Model compatibility inquiries: There is a question about whether llama.cpp supports running the CosyVoice2 model, reflecting user interest in expanding supported models.  
issues/15348

2.4 Closed Issues
This section lists, groups, and then summarizes issues that were closed within the last week in the repository.
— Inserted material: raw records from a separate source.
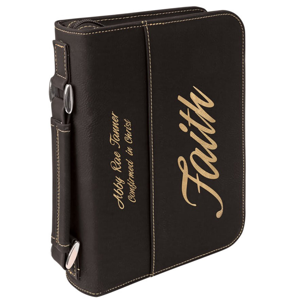 Cheyenne can custom engrave anything on the Bible cover. It’s $38 with the front engraved, it would be an additional charge of $8 if you want to add a name to the back.
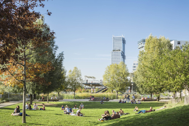 Среди «зеленых» компонентов проекта – двухслойный вентилируемый фасад повышенной эффективности, с вертикальными профилями и открывающимися в интерьер окнами (отражение света – 34%), тепловая инерция, 2000 м2 солнечных батарей на восточном фасаде (производительностью 175 МВт·ч/год), сбор дождевой воды. Потребление энергии составляет 75 кВт·ч/м2/год, и даже 50 кВт·ч/м2/год в высотной части.Парижский судФотография Sergio Grazia © RPBW
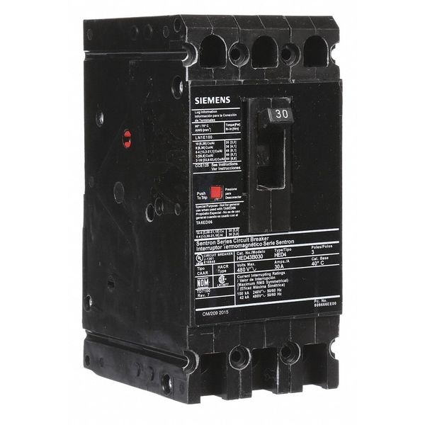 Molded Case Circuit Breaker, 30 A Amps, AC Voltage Rating 480V AC, Max. AIR Rating 42kA at 480V AC, For Use With SB Switchboards, Sentron Panelboards, Series HED4, High Amp Trip Setting 30 A, Low Amp Trip Setting 30 A, Circuit Breaker Type High Interrupting Capacity, Number of Poles 3, DC Voltage Rating Not Rated, Terminal Connection Load Side Lug, Trip Type Thermal Magnetic, Phase Three, Instantaneous Trip Fixed, Phase Connection ABC, Frame Size 125A/ED
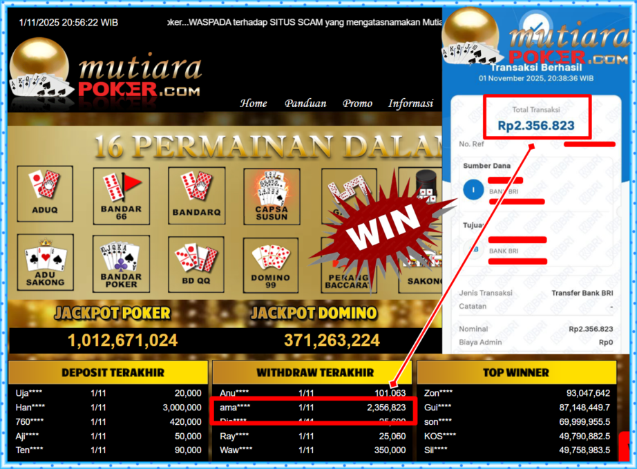 Bukti Withdraw ( 2,356,823,- ) Member Setia MutiaraPoker
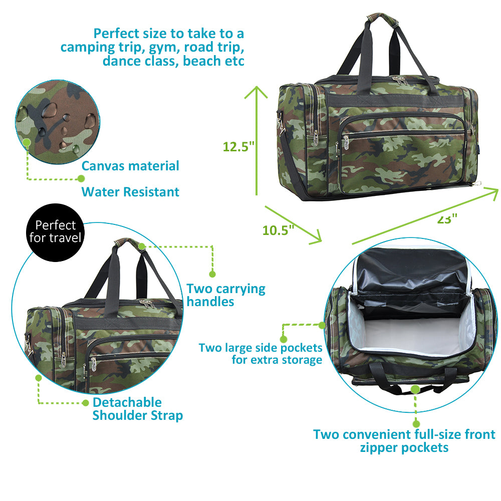 The duffle bag is made from canvas material that is durable and could withstand wear and tear. Measures to 23" x 10.5" x 12.5", so it's spacious enough to fit everything you need. Also features a zip-top closure keeps everything inside the duffle bag so you don't have to worry about anything falling out!
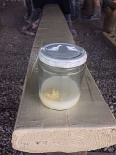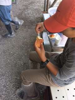 ミルクをシェイク、出来たバターを米粉パンにつけて食べます。
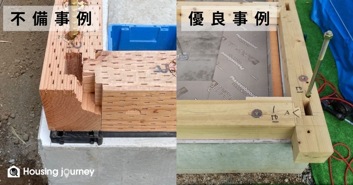 アンカーボルトの留め付け忘れも、現場でよく見られる不備のひとつです。
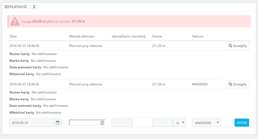 0 proghead Posted June 24, 2016 Share Posted June 24, 2016 (edited) Ja mam wszystkie tłumaczenia w Lokalizacja > Tłumaczenia tego modułu na PL, a na stronie i tak pokazuje po angielsku. Czy gdzieś w opcjach konfiguracyjnych modułu zmienia się język? Przeinstalowanie nic nie zmienia. Kolejny problem, dlaczego na podlgądzie zamówienia w których wybrano płatność pobraniową, widzę płatność podwójnie? Pobranie powinno być na 211, a widnieje 422. Edited June 24, 2016 by proghead (see edit history) Link to comment Share on other sites More sharing options...
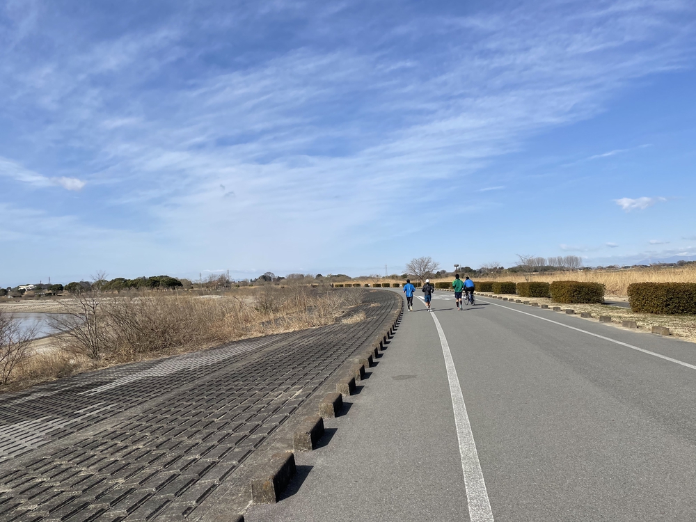 貯水池の周りを走るコースです。平坦で走りやすいです。広々として景色の眺めは抜群に良いです。

This section also links the associated pull requests if applicable. 
Issues Closed This Week: 12
Summarized Issues:

GPU Compatibility and ROCm Issues: Multiple issues highlight problems with GPU compatibility and ROCm support, including vector addition failures on AMD GPUs due to invalid device functions, build system failures to detect ROCm installations causing CPU-only binaries, and containerized applications failing to detect GPUs due to missing CUDA libraries. These problems emphasize challenges in configuring ROCm versions, GPU architecture overrides, and proper environment setups for GPU acceleration.  
issues/15202, issues/15245, issues/15299

Performance Limitations and Optimization: Several reports focus on performance issues such as slow prompt processing on GPUs with FP16 computations, suboptimal sampling settings causing low GPU utilization and slower throughput in server evaluations, and Vulkan backend memory allocation failures impacting performance. These issues reveal the need for better backend support, tuning of parameters like top-k, and improved documentation to optimize GPU usage.  
issues/15233, issues/15256, issues/15297

Segmentation Faults and Crashes: There are multiple segmentation fault issues including crashes during long GPT-OSS:20B model evaluations caused by problematic regex handling, and crashes triggered by calling chat template functions immediately after model loading with certain models. These faults point to bugs in code handling and timing of function calls that require careful fixes to prevent runtime failures.  
issues/15283, issues/15345

Build and Environment Configuration Failures: Issues include failures in the Xcode build step due to missing iOS and visionOS SDKs after macOS image updates, and module import errors during model conversion caused by missing Python dependencies. These highlight the importance of maintaining up-to-date build environments and dependency management to ensure successful builds and conversions.  
issues/15322, issues/15268

API Usage and Input Validation Errors: One issue describes server errors caused by invalid image URL values in multimodal API requests, resulting from incorrect overriding of URL fields. This underscores the need for proper input validation and error handling in API implementations to avoid server-side failures.  
issues/15349

User Input and Response Quality Issues: A reported problem involves AI responses containing progressively repeated words due to a user mistake, illustrating how input errors can degrade output quality and cause confusion before resolution.  
issues/15311

2.5 Issue Discussion Insights
This section will analyze the tone and sentiment of discussions within this project's open and closed issues that occurred within the past week. It aims to identify potentially heated exchanges and to maintain a constructive project environment. 
Based on our analysis, there are no instances of toxic discussions in the project's open or closed issues from the past week. 

III. Pull Requests
3.1 Open Pull Requests
This section provides a summary of pull requests that were opened in the repository over the past week. The top three pull requests with the highest number of commits are highlighted as 'key' pull requests. Other pull requests are grouped based on similar characteristics for easier analysis. Up to 25 pull requests are displayed in this section, while any remaining pull requests beyond this limit are omitted for brevity.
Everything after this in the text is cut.